Your instructions -
One exact copy of the listing, minus the images, is the required answer.

Dataset content -
—————
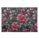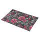 Raspberry, burgundy flowers on dark gray cloth placemat
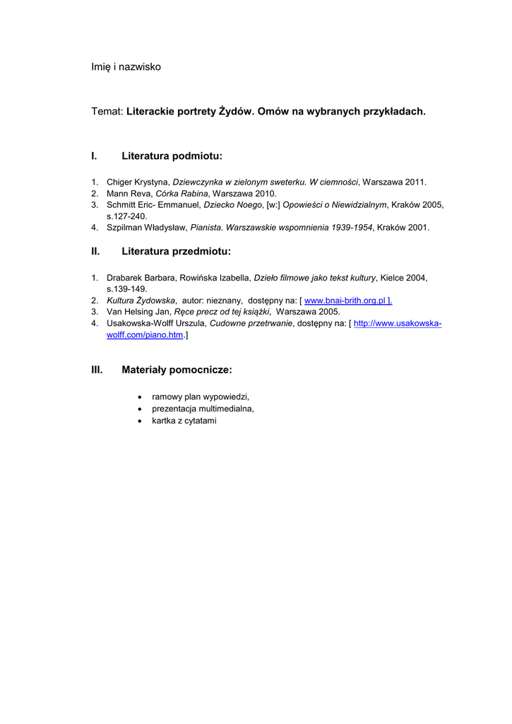 Imię i nazwisko Temat: Literackie portrety Żydów. Omów na
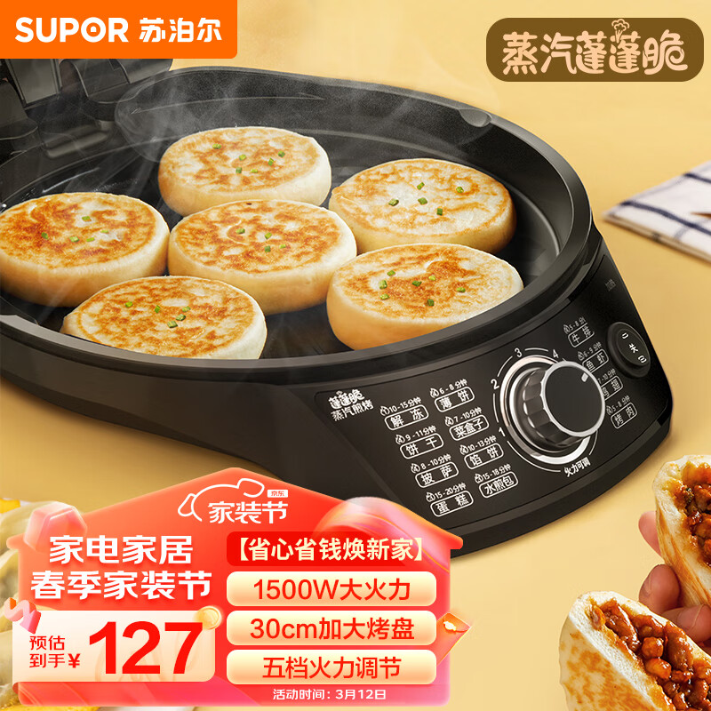 苏泊尔(SUPOR)电饼铛 电饼档煎烤机烙饼锅早餐机 火力可调蒸汽烤盘家用烤肉薄饼机加大加深 JD31A847A-Q价格:127.00元!
—————
Answer area -
 Raspberry, burgundy flowers on dark gray cloth placemat
 Imię i nazwisko Temat: Literackie portrety Żydów. Omów na
 苏泊尔(SUPOR)电饼铛 电饼档煎烤机烙饼锅早餐机 火力可调蒸汽烤盘家用烤肉薄饼机加大加深 JD31A847A-Q价格:127.00元!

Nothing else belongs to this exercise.